After our marriage, John decided to change trades and become an Air Cartographer, so he was posted to RAF Northolt to learn his trade. I tried for a posting there, but no luck. However, I did get a posting to RAF Uxbridge in the SSQ in the same area. So here we were, John at RAF Northolt and me at RAF Uxbridge! Once again we hunted for accommodation and a few months later, found a bed-sitter in Uxbridge for rent. Now, John was ‘of age’ for married quarters and entitled to payment of the rent until we could get a married quarter home at RAF Northolt. I finished my 6 happy, enjoyable years in the WRAF and found a job at a doctors office in the area until I became pregnant with the birth of our first son. This year we have been married 52 years.
Post Script: When I told my family where I was to be posted, my Gramps told me, that in WW1, he had been at RAF Upavon for his training as an air gunner. However, HE was – in his own words – ‘under canvas’ What a coincidence!
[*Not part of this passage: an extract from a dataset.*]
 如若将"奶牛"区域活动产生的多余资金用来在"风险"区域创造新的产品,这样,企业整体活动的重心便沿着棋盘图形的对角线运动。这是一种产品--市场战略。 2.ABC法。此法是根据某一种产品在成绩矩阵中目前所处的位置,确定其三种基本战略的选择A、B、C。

 A Short History of RAF Upavon
The station motto was In Principio Et Semper, and translated from Latin means “In the Beginning and Always”. The station crest had a pterodactyl rising from rocks, which symbolised the station’s connection with the early days of flying, and was also a reference to the location of the station near to the ancient monument Stonehenge.
Smaller camps such as these were fully functioning RAF Stations with small Medical Centres and a few beds plus an RAF Hospital nearby in case of emergencies. The nearest hospital to RAF Upavon was RAF Wroughton a Royal Air Force airfield near Wroughton, in Wiltshire, England, about 4 miles south of Swindon.
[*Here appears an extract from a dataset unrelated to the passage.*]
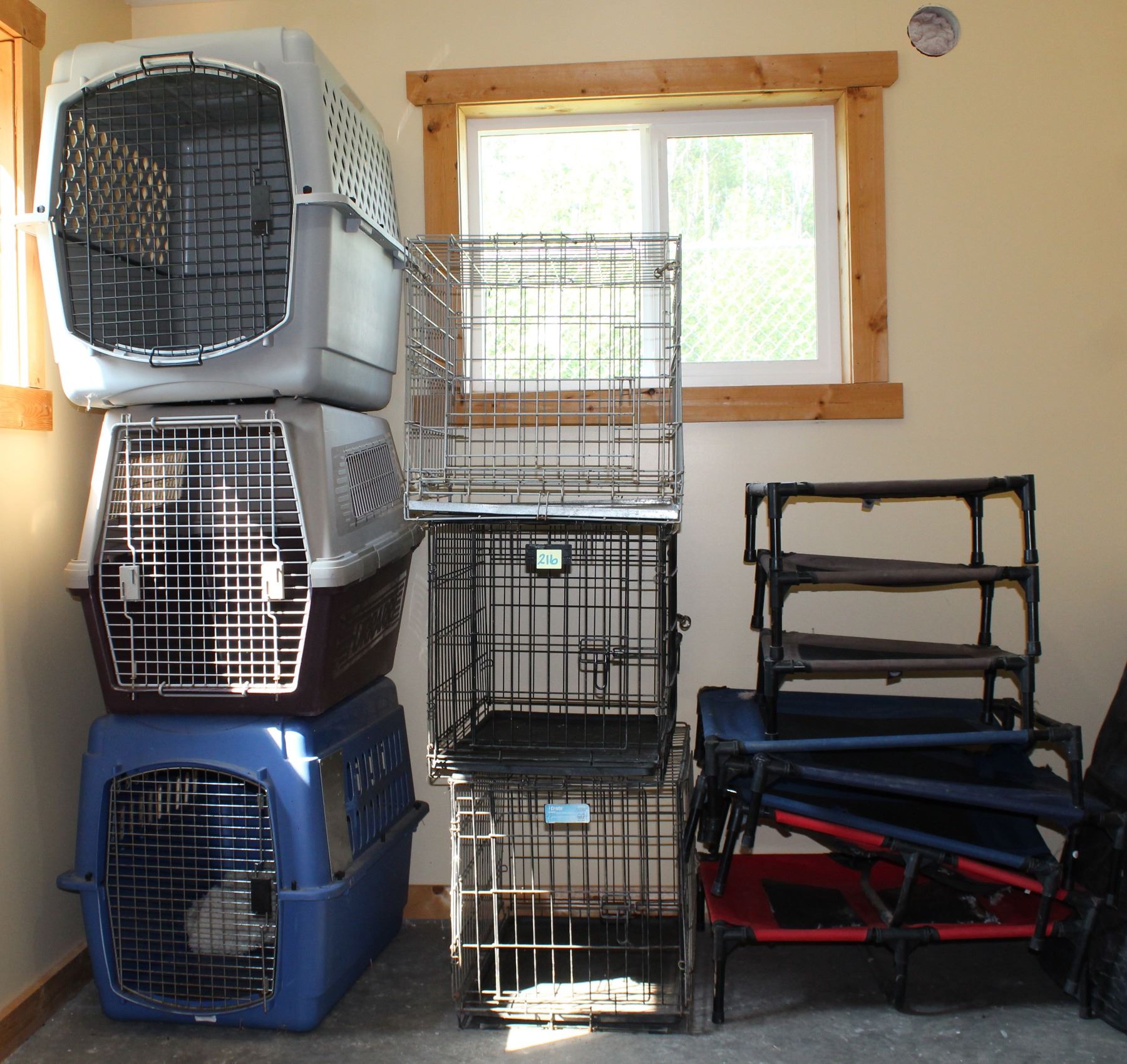 Dog crates 1 large, 2 medium, 3 wire crates, assorted raised pet beds.

RAF stations in post-war England were many, and quite historical as most were built in the early 1900s. Unfortunately, most of them, have now closed or like my posting to RAF Upavon, taken over by the Army. The station opened in 1912 and closed in 1993 when it transferred to the British Army and became known as Trenchard Lines.
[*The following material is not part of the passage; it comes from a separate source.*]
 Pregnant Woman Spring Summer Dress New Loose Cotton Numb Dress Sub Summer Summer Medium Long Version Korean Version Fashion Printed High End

 A Short History of RAF Wroughton
RAF Hospital Wroughton was part of the station and stood near the eastern boundary of the site, about 1 1⁄2 miles (2.4 km) west of Chiseldon. The RAF General Hospital (as it was known) opened on 14 June 1941 and by the end of March 1944, its bed capacity was 1,000. Wroughton continued as a General Hospital treating military patients, and from 1958 took NHS (National Health Service) cases as well to relieve backlogs in the Swindon area. Following a visit to the hospital by Princess Alexandra on 4 July 1967, the Queen conferred the prefix “Princess Alexandra’s” on the hospital on 4 October 1967.
The hospital was the primary destination for returning casualties of the Falklands War in 1982. When the hostages from Beirut were released in August 1991, Wing Commander Gordon Turnbull, a psychiatrist based at Wroughton, with his team, debriefed John McCarthy, Terry Waite and Jackie Mann and provided the counselling necessary to ease them back into freedom. The hospital closed on 31 March 1996 as part of the Conservative Government’s defence cuts at the end of the cold war. The hospital was demolished in 2004 and the site, called Alexandra Park, used for housing and a conference centre; a memorial commemorates the former hospital.